Using RawRepresentable String and Int keys for Codable Dictionaries

Currently you can only use Strings and Ints as keys for a Dictionary if you wish to be able to encode and decode the dictionary from / to a keyed container.

Any other codable key types will encode and decode the dictionary into an unkeyed container.

This eliminates a few use cases for serializing Dictionaries into JSON dictionaries when the keys are RawRepresentable as either String or Int.

For instance you could wish to use a String backed enum as keys in your Dictionary:

enum MyKey: String, Codable {
    case one
    case two
}

let dict: [MyKey: String] = [.one: "first", .two: "second"]

Encoding the above to JSON using the JSONEncoder makes this into an array of the four values ["one", "first", "two", "second"] instead of a dictionary/object/map.

Another use case is using something like 'tagged' (GitHub - pointfreeco/swift-tagged: 🏷 A wrapper type for safer, expressive code.) in order to add type safety to String based identifiers (and more) in your code base.

Using Tagged you can get a wrapper around a String that is Codable and RawRepresentable and has the advantage that it is type safe. For instance you can model the following:

struct User {
    typealias Identifier = Tagged<User, String>
    var id: Identifier
    var name: String
}

let userMap: [User.Identifier: User]

But now userMap will be serialized as an array instead of a dictionary.

I have looked at stdlib/public/core/Codable.swift.gyb to try and see if I could extend the Dictionary conformance to Encodable and Decodable to be able to use RawRepresentable keys where the RawValue is either String or Int.

Unfortunatly I have failed to implement this since RawRepresenable can only be used as a generic constraint and you cannot add multiple conformances to Encodable (there cannot be more than one conformance, even with different conditional bounds).

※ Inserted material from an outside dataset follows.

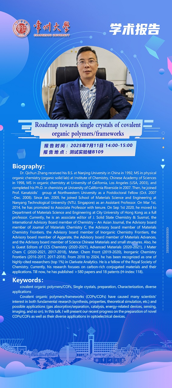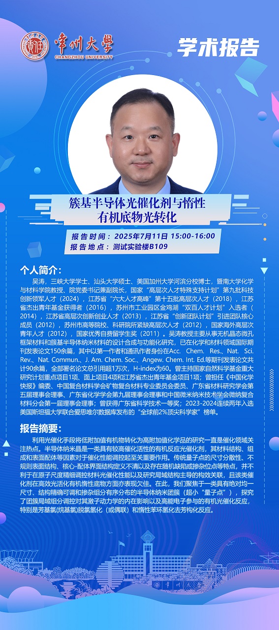 【學(xué)術(shù)報告】7月11日學(xué)術(shù)報告——張其春教授 香港城市大學(xué) 吳濤教授 暨南大學(xué)
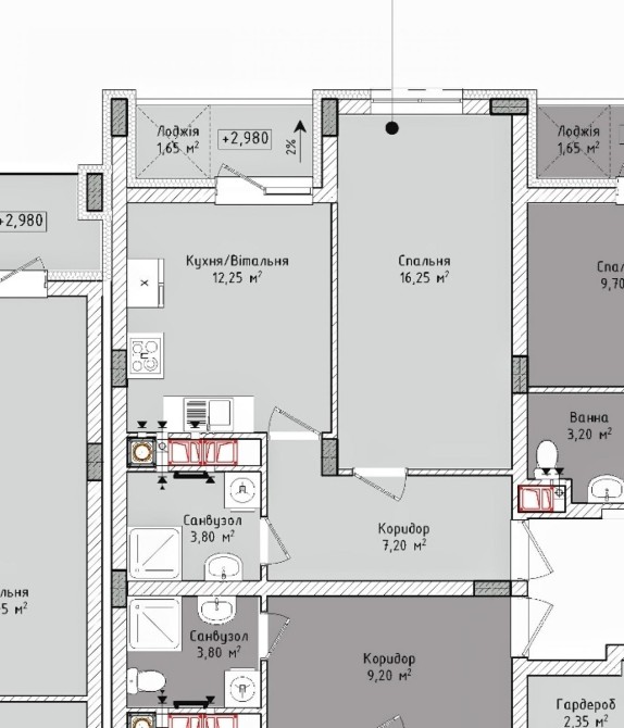 Плануванням квартири передбачено велику окрему кімнату, кухню з виходом на закриту лоджію, санвузол та коридор з місцем під гардеробну.

Does anyone have any idea how to implement a change to the stdlib in order to enable the use of RawRepresentable keys?

And do anyone have any thoughts about whether this change would be ok. If someone already expects array serialization, then the dictionary behavior will be unexpected.

@itaiferber

1 Like

For reference, this is SR-7788 [and was brought up way back when in JSON Encoding / Decoding weird encoding of dictionary with enum values]

It's possible, though I'm not sure off the top of my head with which ABI effects, to extend Encodable/Decodable with marker requirements fullfilled by RawRepresentable types:

extension Encodable {
    func __stringRawValue() -> String? { nil }
}

extension Encodable where Self: RawRepresentable, Self.RawValue == String {
    func __stringRawValue() -> String? { return self.rawValue }
}

enum Foo: Int, Encodable {
    case a
}

enum Bar: String, Encodable {
    case b
}

print(Foo.a.__stringRawValue() ?? "nil") // nil
print(Bar.b.__stringRawValue() ?? "nil") // b

It might be possible to take advantage of protocol extensions in this way (or other runtime trickery to make it happen), but...

... the big problem with making this change right now is that it's not backwards-compatible. Even if we enhance Dictionary.init(from:) to be able to decode both forms (legacy unkeyed format, newer preferred keyed format), serialized payloads from newer versions of Swift wouldn't be decodable on older versions. For archived data, this is a serious concern.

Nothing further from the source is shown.